When we say an inner product is linear in one argument, it means:
- The result is affected directly in a proportional manner when one of the vectors in the product is scaled or changed by addition.
- Linearity ensures calculations are time-saving and predictable, crucial for complex mathematical problem-solving.
Symmetry
Symmetry in inner product spaces is a straightforward yet elegant property. In essence, it states that the order of the vectors in the inner product does not change the result.
Mathematically, this property is shown as \( \langle \mathbf{v}, \mathbf{w} \rangle = \langle \mathbf{w}, \mathbf{v} \rangle \).
Symmetry is important because it simplifies the handling of inner products and assures consistency, making it possible to swap vectors without concern.
Mathematically, this property is shown as \( \langle \mathbf{v}, \mathbf{w} \rangle = \langle \mathbf{w}, \mathbf{v} \rangle \).
Symmetry is important because it simplifies the handling of inner products and assures consistency, making it possible to swap vectors without concern.
- Think of symmetry as the attendance of reciprocity in operations, enforcing fairness and order.
- In practical use, symmetry reduces the risk of error in calculations involving multiple vector operations.
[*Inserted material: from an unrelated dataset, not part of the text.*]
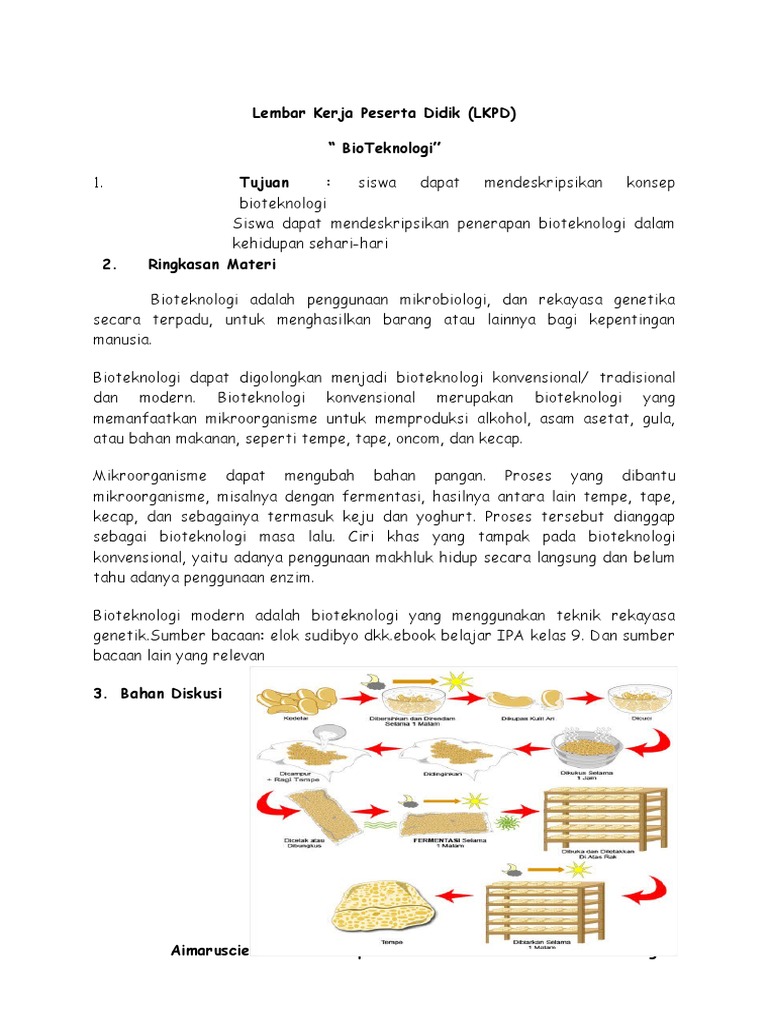 LKPD BIOTEKNOLOGI KELAS 9 interactive worksheet

- This property also highlights that inner product spaces are inherently a step towards understanding more profound symmetries in geometry and physics.
Positive Definiteness
Positive definiteness is crucial in defining a valid inner product, ensuring that the inner product of a vector with itself yields a positive number as long as the vector is nonzero.
This condition mathematically translates to \( \langle \mathbf{v}, \mathbf{v} \rangle > 0 \) for all nonzero \( \mathbf{v} \).
Why does this matter? Positive definiteness guarantees that our space behaves in ways that align with notions of length and distance, making the geometry in the space meaningful.
This condition mathematically translates to \( \langle \mathbf{v}, \mathbf{v} \rangle > 0 \) for all nonzero \( \mathbf{v} \).
Why does this matter? Positive definiteness guarantees that our space behaves in ways that align with notions of length and distance, making the geometry in the space meaningful.
- Think of it as guaranteeing there's a measurable, real-world-like sense of distance between points or vectors.
- This property rules out anomalies where measurements could behave unexpectedly (like having zero or negative distances).
- For engineers and physicists alike, positive definiteness is foundational when these principles are applied to model real scenarios.